Salaried, business class brace for more taxation shocks

Salaried, business class brace for more taxation shocks

By Staff Reporter


ISLAMABAD: The government is brainstorming ways and means to wring more taxes out of salaried/business class, high earners and sectors like tobacco, beverages, steel, etc before closing the budget document for next fiscal.
All this to jack up the FBR’s tax collection target by Rs438 billion from Rs7.004 trillion to Rs7.442 trillion for FY2023 to seal a deal with the IMF.
Top official sources said that different proposals are on the budget-makers’ table to increase taxation on the already burdened taxpayers.
Federal Minister for Finance and Revenue Miftah Ismail is scheduled to deliver a windup speech in the National Assembly on Friday (today) and is expected to announce additional taxation measures.
The government is considering bringing major changes in Section 7E for imposing a tax on deemed income, whereas the immoveable property has been excluded and capital asset has been inserted [in the law] because the former might have been challenged in superior courts.
Under Section (7E) of the Income Tax Ordinance, a tax shall be imposed at the rates specified in Division VIIIC of Part-I of the First Schedule on the income specified in this section, for the tax year 2022 and onwards.
A resident person shall be treated to have derived as income chargeable to tax under this section an amount equal to five percent of the fair market value of capital assets situated in Pakistan excluding one capital asset under self-occupation owned by the resident person; self-owned business premises from where the business is carried out by the persons appearing on the active taxpayers’ list at any time during the year; self-owned agriculture land where agriculture activity is carried out by person excluding farmhouse and land annexed thereto; any constructed property in respect of which the completion certificate has been obtained from the concerned authority; any under-construction property in respect of which construction plan, development plan or a layout plan has been approved by the concerned authority; where the fair market value of the capital assets in aggregate excluding the capital assets mentioned in clauses (a), (b) and (c) does not exceed rupees twenty-five million; capital assets owned by a provincial government, a local government, a local authority; land development and construction projects registered with Directorate General of designated non-financial businesses and professions; or any property from which income is chargeable to tax under section 15 of the Ordinance and tax leviable is paid thereon.
The federal government may include or exclude any person or property for the purpose of this section. In this section “capital asset” means property of any kind held by a person, whether or not connected with a business, but does not include any stock-in-trade, consumable stores or raw materials held for the purpose of business; any shares, stocks or securities; any property with respect to which the person is entitled to a depreciation deduction under section 22 or amortisation deduction under section 24; or any movable asset not mentioned in clauses (a), (b) or (c) above.

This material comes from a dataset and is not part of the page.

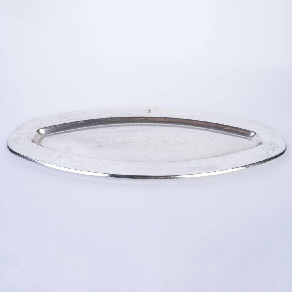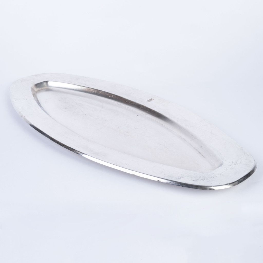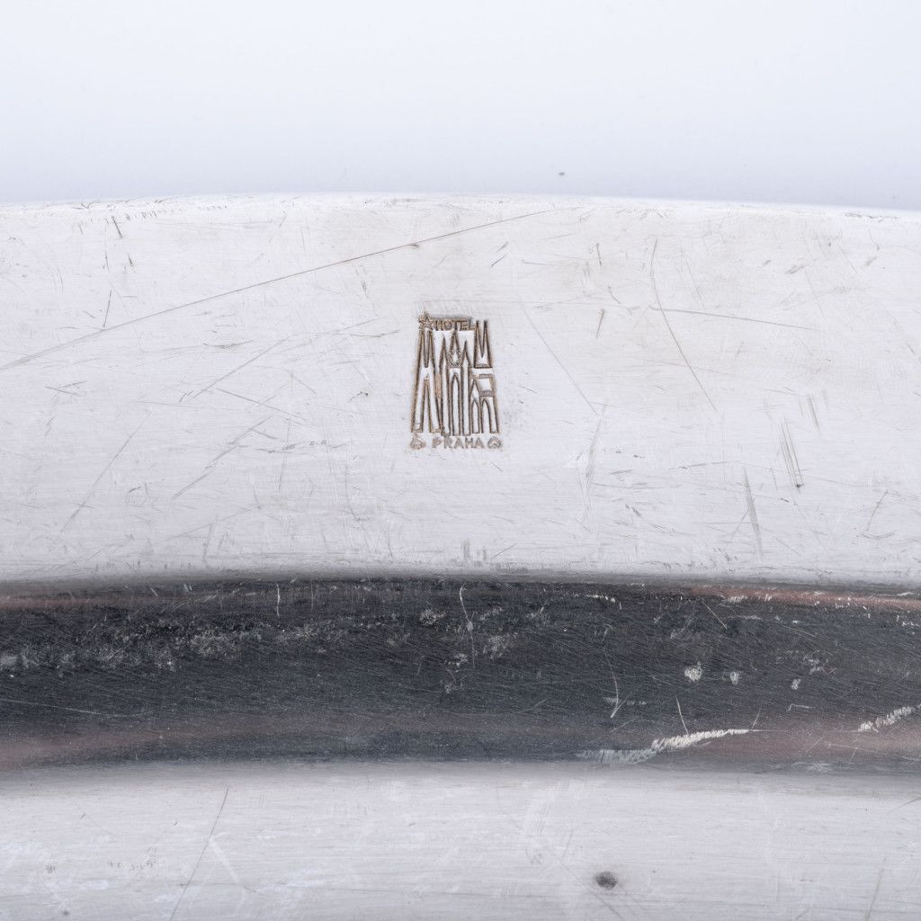 Hotel Praha byl naprostou špičkou mezi československými hotely. Šlo o nejluxusnější ubytovací zařízení postavené výhradně pro komunistickou stranu a její hosty a běžní obyvatelé do něj neměli přístup. Nám se podařilo při jeho bourání v roce 2014 zachránit několik jedinečných předmětů mezi které patří i tento tác na ryby, vyrobený z bílé postříbřené mosazi (alpaka). Fotka je ilustrační, každý kus má lehce odlišnou patinu. Z důvodu stáří je každý kus na povrchu poničen poškrábáním, či korozí. Tác byl důkladně vyčištěn.

For a resident person, it is proposed that being a citizen of Pakistan who during the tax year is present in any other country for less than 183 days or who is not a tax resident of any other country.

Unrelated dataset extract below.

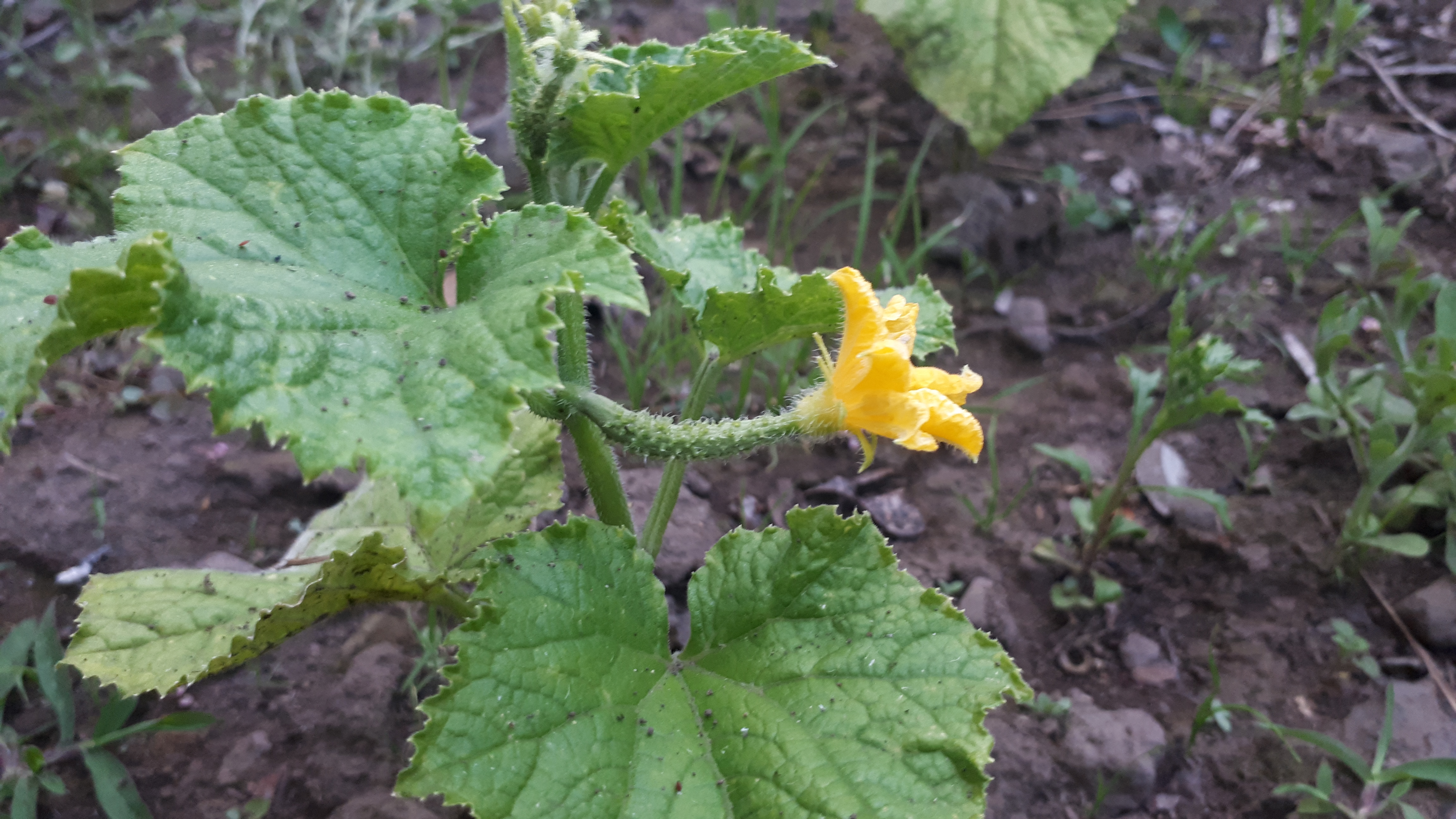 오늘 오이 모종을 확인해보니 오이꽃이 폈습니다

The salary slabs for income earning from Rs50,000 to Rs100,000 a tax rate of 2.5 percent has been proposed. On the salary income from Rs100,000 to Rs 200,000, the proposed rate has been jacked up from 7.5 percent to 10 percent. The rates of all other slabs have also been revised upward.
The government is all set to impose one percent Income Support Levy on people and companies earning Rs150 million a year, 2 percent on those having income of Rs200 million, 3 percent additional rate has been proposed for the Rs250 million annual income earners and 4 percent for an income of Rs300 million/year.
In the budget 2022-23, the government proposed a 2 percent rate for only those earning over Rs300 million a year to add additional Rs38 billion revenue into the national kitty.
Meanwhile, the FBR through an SRO slapped a Regulatory Duty on the import of petrol. In exercise of the powers conferred by sub-section (3) of section 18 of the Customs Act, 1969 (IV of 1969), the federal government is pleased to levy regulatory duty at a rate of ten percent on import of motor spirit (PCT code 2710.1210) with the stipulation that the regulatory duty shall not be levied on cargoes for which LCs had already been opened or were anchored in the high seas.
The imports of motor spirit where customs duty at a rate of ten per cent is paid shall be exempted from the levy of regulatory duty. This notification shall remain in force till June 30, 2022.